Как всегда, в речах его было не разобраться, и сам он даже не давал себе труда быть собеседнику понятным. Возможно, он даже говорил на другую тему. Шут его разберет, подумал Карташев не без юмора. Вольному воля.
Саше еще задавали из зала вопросы, а Карташев, прижав портфель к животу, уже пробирался к выходу. Чувствовал он при этом какую-то непонятную обиду — на Сашу за то, что он защищал диссертацию о Целестине, когда есть Бонифаций, на Одинцова за то, что вообще. Да и на себя тоже — за несобранность, за рассеянность.

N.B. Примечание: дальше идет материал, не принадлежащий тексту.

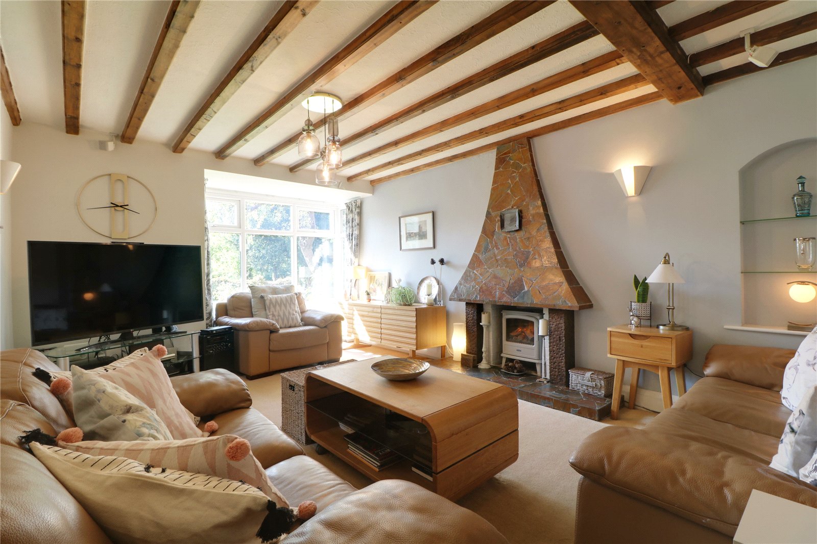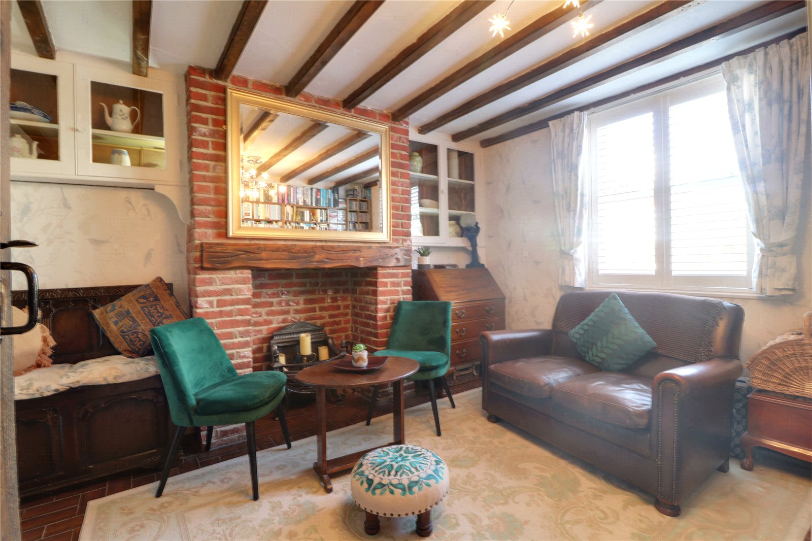 Front Sitting Room 10'2" x 12'4" (3.1m x 3.76m). With a front wood sash sliding glazed window, decorative beams to the ceiling, inset display cupboards and a feature open bricked fireplace with bricked tiled hearth with oak beam and matching tiled flooring.

Но в машине эта обида куда-то испарилась. Карташев был по характеру человеком отходчивым, тем более, что предстояло ему приятное — вечером шел он на спектакль, где главную роль исполнял Гераскин. Появился этот актер совсем недавно. Писали, что его пригласили из какого-то областного театра. И хотя исполнял он обычно комические роли, на комика он был совсем не похож. Карташев видел его на сцене дважды и всякий раз поражался тому, насколько не соответствует внешность Гераскина ролям, им исполняемым. На сцене он, ясно, преображался, актер он был замечательный, и этой разницы между внешностью и ролью уже не чувствовалось. Но, выходя на аплодисменты, он уже выглядел на сцене лишним. Он был скорее похож на постановщика — высокий, сутуловатый, с копной очень черных волос, с длинным умным, язвительным лицом. Особенно замечателен был его рот, длинный и тонкий, вечно готовый сложиться в усмешку. От такого человека ждешь укола, насмешливого словца, саркастического замечания, — но в интервью и в нечастых телевизионных выступлениях от Гераскина, напротив, веяло какой-то задумчивостью, меланхолией, публика с удивлением узнавала, что, несмотря на занятость, на гастроли, он находит время читать и хочет снять фильм о Паскале. Все в нем было построено на несоответствиях — внешности и внутреннего мира, выбранного амплуа и самоощущения, фамилии и внешности. Он был уже не молод, в прошлом году ему исполнилось сорок. Видимо, он хорошо знал нужду, переезды, запои, — но все это оставалось за скобками, потому что он никогда об этом не говорил. От актера не ждешь философствования, да Гераскин и не философствовал, — однако всем своим видом и высказываниями наводил на мысль о многом знании, о таком, что ему одному ведомо и чего не выскажешь обыкновенными словами. Видимо, поэтому в каждом его интервью присутствовала недосказанность, он словно намеревался сказать многое, но так и бросал на полуслове, отчаявшись. Его интервью были одно сплошное многоточие.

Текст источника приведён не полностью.